### TASK GOAL
Copy every entry exactly as it reads and exclude whatever pictures appear.

### MATERIAL PROVIDED
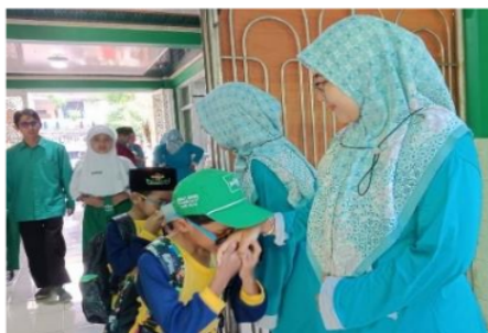
GAMBAR 2. PEMBIASAAN 5S

Berdasarkan hasil pengamatan, pembiasaan kegiatan 5S dilakukan dengan cara peserta didik memasuki wilayah madrasah dengan disambut guru di sisi dalam gerbang madrasah. Setelah itu menyapa peserta didik dengan ramah. Dilanjutkan dengan peserta didik yang mengucapkan salam dan mencium punggung tangan guru dengan sopan santun. Budaya 5S dapat membiasakan peserta didik untuk berjabat tangan terhadap guru dan kepala sekolah. Nilai-nilai ini akan tertanam pada anak saat mengucapkan salam dan mencium tangan orang tuanya dengan sopan santun ketika hendak pergi ke sekolah [19]. Selama pembiasaan kegiatan 5S dilakukan dengan baik, maka akan memunculkan energi positif saat proses pembelajaran berlangsung.
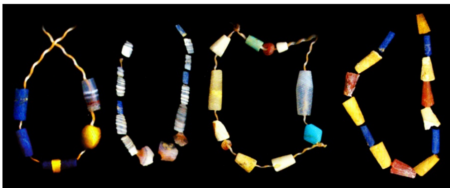
تصویر ۱. شماری از مهره‌های زینتی یافت‌شده از گورهای شهر سوخته [۴۵، ص ۱]

برای آگاهی از جایگاه اجتماعی یک انسان باستانی ارزیابی اشیایی است که همراه وی در گور نهاده شده است. گورآوندهای شهر سوخته را می‌توان به پنج دسته اشیای کاربردی روزمره، زینتی، آیینی، مربوط به پیشه‌ها و مواد خوراکی بخش کرد. در گورهای شهر سوخته آثاری همچون ظرف‌های گوناگون (از جنس سفال، سنگ و به‌ندرت فلز)، مهرهای استوانه‌ای و مسطح (از جنس فلز، سنگ، لاجورد و استخوان)، مهره‌های زینتی (از جنس عقیق، فیروزه و لاجورد) (تصویر ۱)، ابزارهای آرایش (همچون سرمه‌دان، میل سرمه، هاون‌های بزرگ‌سب، پودرهای آرایشی، آینه‌های مفرغی و شانه‌های چوبی) حصیر، سبد، پارچه و ابزارهای کار فرد در گذشته به‌همراه وی دفن شده‌اند. در برخی از تدفین‌ها جانورانی نیز قربانی شده و در کنار جسد قرار گرفته‌اند. خوراک‌های گوناگونی (همچون گوشت جانوران، پرندگان و ماهیان، گندم، جو، انگور، سیر، گشنیز، بنه، عدس و...) نیز درون ظرف‌ها یا پارچه‌هایی در گورها قرار داده شده‌اند. این آثار فقط بخشی از گورآوندهایی است که مردمان شهر سوخته در کنار درگذشتگان خود نهاده‌اند و آسیب‌های محیطی در گذر پنج تا چهار هزار سال بخشی مهم از آثار فلزی یا آلی درون گورها را از بین برده است [۶، ص ۲۳۷]. در ادامه داده‌های باستان‌شناختی همبسته با زنان که از گورستان شهر سوخته یافت شده‌اند، بررسی خواهند شد.
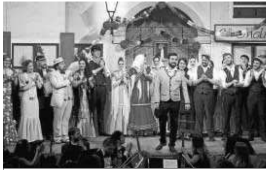
La Compañía Sevillana de Zarzuela durante una actuación.

● La Compañía Sevillana de Zarzuela cierra su X Aniversario con 'El año pasado por agua'
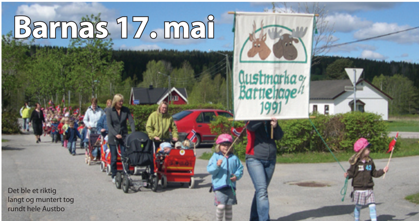
Det ble et riktig langt og muntert tog rundt hele Austbo

For barnehagen er det dagen før dagen som er den store. Da møter barna opp til tog, festmåltid og mye moro. I barnehagen på Austbo er det nå 51 barn, så det blir et godt synlig tog når de kommer trillende og marsjerende, alle med norske flagg og muntre hipp hurra rop.
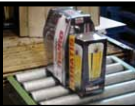
Et se retrouve emballée avec un verre et cinq bouteilles
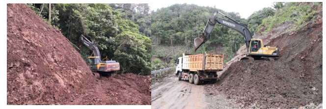
提巴格水电站进场道路施工

疫情防控，项目建设两手抓，同步有序推进。上下同欲者胜，风雨同舟者兴，疫情虽给我们带来了恐惧，只要我们众志成城、戮力同心，没有一个冬天不可逾越，没有一个春天不会来临。
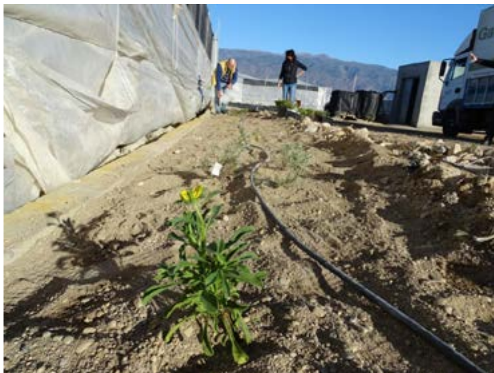
Plantas empleadas para favorecer la presencia de polinizadores en el entorno de los invernaderos ( Helichrysum stoechas , Asteriscus maritimus , Rosmarinus officinalis , Cistus albidus , Phlomis purpurea ).
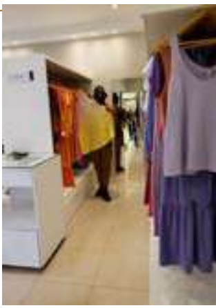
Tacon | Curitiba - PR
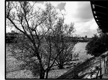
9 Tinguely Museum
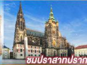
ชมปราสาทปราก
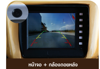
หน้าจอ + กล้องถอยหลัง
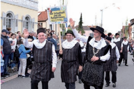
Der Schultheiß und die Ratspersonen
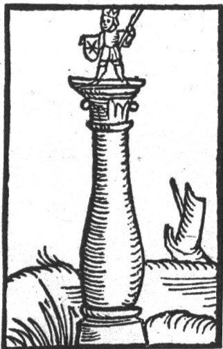
Fig. 7. La statue de Jupiter dans la Chronique de Stumpf 1548.

diques un peu plus tard et reproduira tous les sceaux qu'il a retrouvés et qui sont antérieurs à 1500.
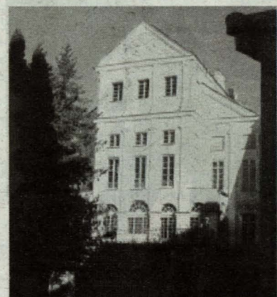
Fragment Pałacu Radziwiłłów w Nieświeżu
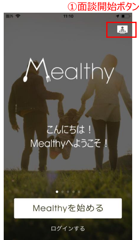
①ログイン画面右上の面談開始ボタンをタップ
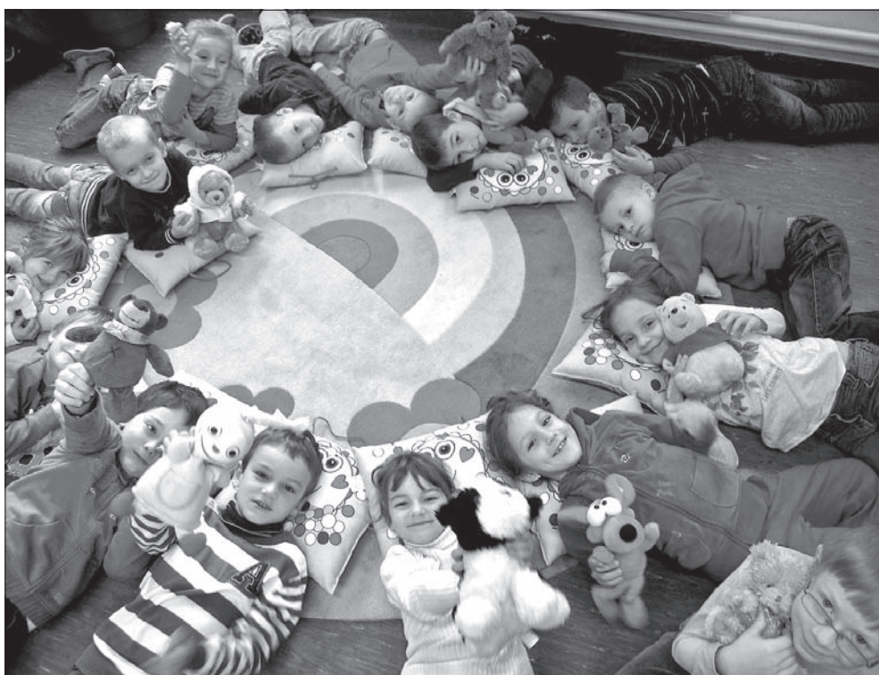
Fot. ANDREA OPLUŠTILOVÁ
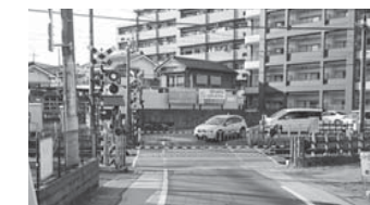
踏み切りは広げることができない

市民部長 安全な歩行者空間を確保する目的で整備し、人が安心して歩行できる空間となっている。にぎわいを創出する場でもあり、人の回遊もさらに活発になると見込まれることを踏まえ、市民広場を自転車に乗車したまま通行できるようにすることは難しいものとする。
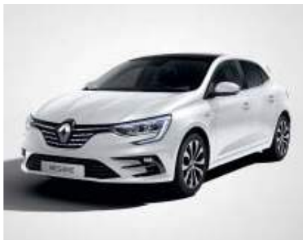
Blanco Nacarado (2)
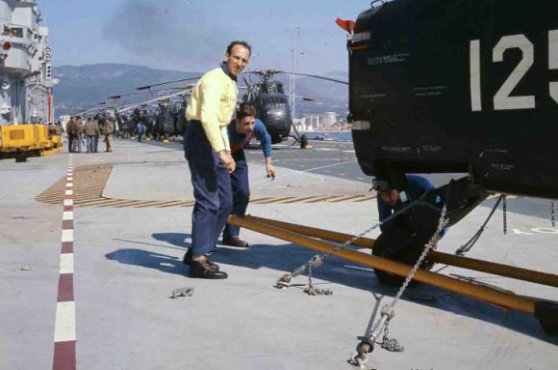
Sur l'Arromanches, en rade de Toulon
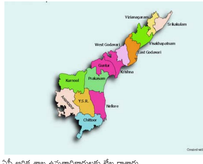
ఏపీ ఆర్థిక శాఖ ఉన్నతాధికారులకు లేఖ రాశారు.

అమరావతి, సెప్టెంబర్ 19, ప్రజాపాలన ప్రతినిధి: ఏపీలో అంతర్జాతీయ ఆర్థిక సంస్థల నిధులతో నడిచే ప్రాజెక్టులకు ఇక ఆర్థిక సాయం బంద్ కానుంది. ఈ ప్రాజెక్టులకి కింద విడుదల చేసిన రూ. 960 కోట్లకు లెక్కలు చెప్పాలని డిపార్ట్ మెంట్ ఎకానమిక్ అఫైర్స్ నుంచి ఆదేశాలు వచ్చాయి. అయితే డిపార్ట్ మెంట్ ఎకానమిక్ అఫైర్స్ రాసిన లేఖపై కేంద్ర ఆర్థిక శాఖ తీవ్రంగా స్పందించింది. గత వారం కేంద్ర ఆర్థిక శాఖ నుంచి ఏపీ ప్రభుత్వానికి ఘాటు లేఖ వచ్చింది. ఈ ప్రాజెక్టుల ద్వారా వస్తున్న నిధులను వేరే పథకాలకు మళ్లించడంపై కేంద్ర ఆర్థిక శాఖ అభ్యంతరం వ్యక్తం చేసింది. రూ. 960కోట్లకు లెక్కలు చెప్పకోవాలనే ధమిష్యత్తో నిధులు విడుదల చేయటానికి అంతర్జాతీయ ఆర్థిక సంస్థలు స్పష్టం చేశాయి. ఈ ప్రాజెక్టులకి కేంద్ర చేపట్టిన పనులకు తమకు బిల్లులు ఇవ్వడం లేదని అంతర్జాతీయ ఆర్థిక సంస్థలకు కాంట్రాక్టర్లు ఫిర్యాదు చేశారు. కాంట్రాక్టర్ ఫిర్యాదుతో అంతర్జాతీయ ఆర్థిక సంస్థలు తీవ్రంగా స్పందించాయి. దీంతో కేంద్ర ప్రభుత్వానికి ఆర్థిక సంస్థలు లేఖ రాశాయి. ఈ పరిస్థితి తీవ్రతను గమనించిన కేంద్ర ఆర్థిక శాఖ తమకు వారం రోజుల్లో వివరణ ఇవ్వాలని
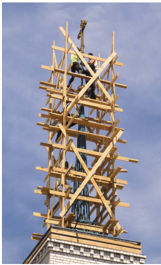
Воздвижение креста Господня на шпиль колокольни Никольского храма
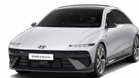
Aero Silver Metallic Metalická Cena: 19 900 Kč
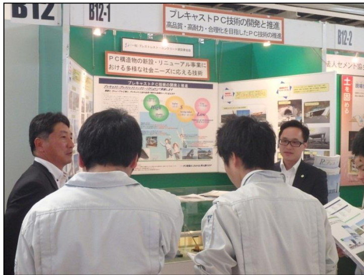
プレキャストPC技術の開発と推進 (一社)プレストレスト・コンクリート建設業協会
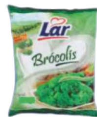
BRÓCOLIS LAR 350G
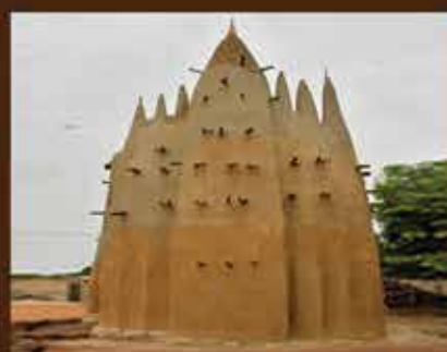
MOSQUÉE DE TENGRÉLA
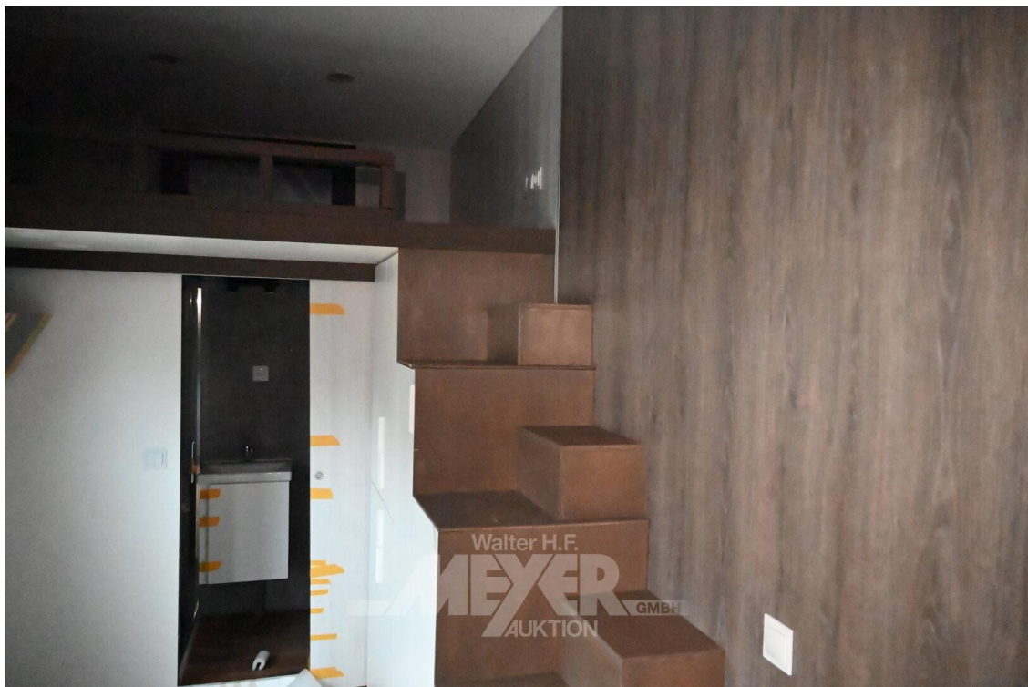
Treppe zum Loft

### PROBLEM SOLUTION
GAMBAR 2. PEMBIASAAN 5S

Berdasarkan hasil pengamatan, pembiasaan kegiatan 5S dilakukan dengan cara peserta didik memasuki wilayah madrasah dengan disambut guru di sisi dalam gerbang madrasah. Setelah itu menyapa peserta didik dengan ramah. Dilanjutkan dengan peserta didik yang mengucapkan salam dan mencium punggung tangan guru dengan sopan santun. Budaya 5S dapat membiasakan peserta didik untuk berjabat tangan terhadap guru dan kepala sekolah. Nilai-nilai ini akan tertanam pada anak saat mengucapkan salam dan mencium tangan orang tuanya dengan sopan santun ketika hendak pergi ke sekolah [19]. Selama pembiasaan kegiatan 5S dilakukan dengan baik, maka akan memunculkan energi positif saat proses pembelajaran berlangsung.
تصویر ۱. شماری از مهره‌های زینتی یافت‌شده از گورهای شهر سوخته [۴۵، ص ۱]

برای آگاهی از جایگاه اجتماعی یک انسان باستانی ارزیابی اشیایی است که همراه وی در گور نهاده شده است. گورآوندهای شهر سوخته را می‌توان به پنج دسته اشیای کاربردی روزمره، زینتی، آیینی، مربوط به پیشه‌ها و مواد خوراکی بخش کرد. در گورهای شهر سوخته آثاری همچون ظرف‌های گوناگون (از جنس سفال، سنگ و به‌ندرت فلز)، مهرهای استوانه‌ای و مسطح (از جنس فلز، سنگ، لاجورد و استخوان)، مهره‌های زینتی (از جنس عقیق، فیروزه و لاجورد) (تصویر ۱)، ابزارهای آرایش (همچون سرمه‌دان، میل سرمه، هاون‌های بزرگ‌سب، پودرهای آرایشی، آینه‌های مفرغی و شانه‌های چوبی) حصیر، سبد، پارچه و ابزارهای کار فرد در گذشته به‌همراه وی دفن شده‌اند. در برخی از تدفین‌ها جانورانی نیز قربانی شده و در کنار جسد قرار گرفته‌اند. خوراک‌های گوناگونی (همچون گوشت جانوران، پرندگان و ماهیان، گندم، جو، انگور، سیر، گشنیز، بنه، عدس و...) نیز درون ظرف‌ها یا پارچه‌هایی در گورها قرار داده شده‌اند. این آثار فقط بخشی از گورآوندهایی است که مردمان شهر سوخته در کنار درگذشتگان خود نهاده‌اند و آسیب‌های محیطی در گذر پنج تا چهار هزار سال بخشی مهم از آثار فلزی یا آلی درون گورها را از بین برده است [۶، ص ۲۳۷]. در ادامه داده‌های باستان‌شناختی همبسته با زنان که از گورستان شهر سوخته یافت شده‌اند، بررسی خواهند شد.
La Compañía Sevillana de Zarzuela durante una actuación.

● La Compañía Sevillana de Zarzuela cierra su X Aniversario con 'El año pasado por agua'
Det ble et riktig langt og muntert tog rundt hele Austbo

For barnehagen er det dagen før dagen som er den store. Da møter barna opp til tog, festmåltid og mye moro. I barnehagen på Austbo er det nå 51 barn, så det blir et godt synlig tog når de kommer trillende og marsjerende, alle med norske flagg og muntre hipp hurra rop.
Et se retrouve emballée avec un verre et cinq bouteilles
提巴格水电站进场道路施工

疫情防控，项目建设两手抓，同步有序推进。上下同欲者胜，风雨同舟者兴，疫情虽给我们带来了恐惧，只要我们众志成城、戮力同心，没有一个冬天不可逾越，没有一个春天不会来临。
Plantas empleadas para favorecer la presencia de polinizadores en el entorno de los invernaderos ( Helichrysum stoechas , Asteriscus maritimus , Rosmarinus officinalis , Cistus albidus , Phlomis purpurea ).
Tacon | Curitiba - PR
9 Tinguely Museum
ชมปราสาทปราก
หน้าจอ + กล้องถอยหลัง
Der Schultheiß und die Ratspersonen
Fig. 7. La statue de Jupiter dans la Chronique de Stumpf 1548.

diques un peu plus tard et reproduira tous les sceaux qu'il a retrouvés et qui sont antérieurs à 1500.
Fragment Pałacu Radziwiłłów w Nieświeżu
①ログイン画面右上の面談開始ボタンをタップ
Fot. ANDREA OPLUŠTILOVÁ
踏み切りは広げることができない

市民部長 安全な歩行者空間を確保する目的で整備し、人が安心して歩行できる空間となっている。にぎわいを創出する場でもあり、人の回遊もさらに活発になると見込まれることを踏まえ、市民広場を自転車に乗車したまま通行できるようにすることは難しいものとする。
Blanco Nacarado (2)
Sur l'Arromanches, en rade de Toulon
ఏపీ ఆర్థిక శాఖ ఉన్నతాధికారులకు లేఖ రాశారు.

అమరావతి, సెప్టెంబర్ 19, ప్రజాపాలన ప్రతినిధి: ఏపీలో అంతర్జాతీయ ఆర్థిక సంస్థల నిధులతో నడిచే ప్రాజెక్టులకు ఇక ఆర్థిక సాయం బంద్ కానుంది. ఈ ప్రాజెక్టులకి కింద విడుదల చేసిన రూ. 960 కోట్లకు లెక్కలు చెప్పాలని డిపార్ట్ మెంట్ ఎకానమిక్ అఫైర్స్ నుంచి ఆదేశాలు వచ్చాయి. అయితే డిపార్ట్ మెంట్ ఎకానమిక్ అఫైర్స్ రాసిన లేఖపై కేంద్ర ఆర్థిక శాఖ తీవ్రంగా స్పందించింది. గత వారం కేంద్ర ఆర్థిక శాఖ నుంచి ఏపీ ప్రభుత్వానికి ఘాటు లేఖ వచ్చింది. ఈ ప్రాజెక్టుల ద్వారా వస్తున్న నిధులను వేరే పథకాలకు మళ్లించడంపై కేంద్ర ఆర్థిక శాఖ అభ్యంతరం వ్యక్తం చేసింది. రూ. 960కోట్లకు లెక్కలు చెప్పకోవాలనే ధమిష్యత్తో నిధులు విడుదల చేయటానికి అంతర్జాతీయ ఆర్థిక సంస్థలు స్పష్టం చేశాయి. ఈ ప్రాజెక్టులకి కేంద్ర చేపట్టిన పనులకు తమకు బిల్లులు ఇవ్వడం లేదని అంతర్జాతీయ ఆర్థిక సంస్థలకు కాంట్రాక్టర్లు ఫిర్యాదు చేశారు. కాంట్రాక్టర్ ఫిర్యాదుతో అంతర్జాతీయ ఆర్థిక సంస్థలు తీవ్రంగా స్పందించాయి. దీంతో కేంద్ర ప్రభుత్వానికి ఆర్థిక సంస్థలు లేఖ రాశాయి. ఈ పరిస్థితి తీవ్రతను గమనించిన కేంద్ర ఆర్థిక శాఖ తమకు వారం రోజుల్లో వివరణ ఇవ్వాలని
Воздвижение креста Господня на шпиль колокольни Никольского храма
Aero Silver Metallic Metalická Cena: 19 900 Kč
プレキャストPC技術の開発と推進 (一社)プレストレスト・コンクリート建設業協会
BRÓCOLIS LAR 350G
MOSQUÉE DE TENGRÉLA
Treppe zum Loft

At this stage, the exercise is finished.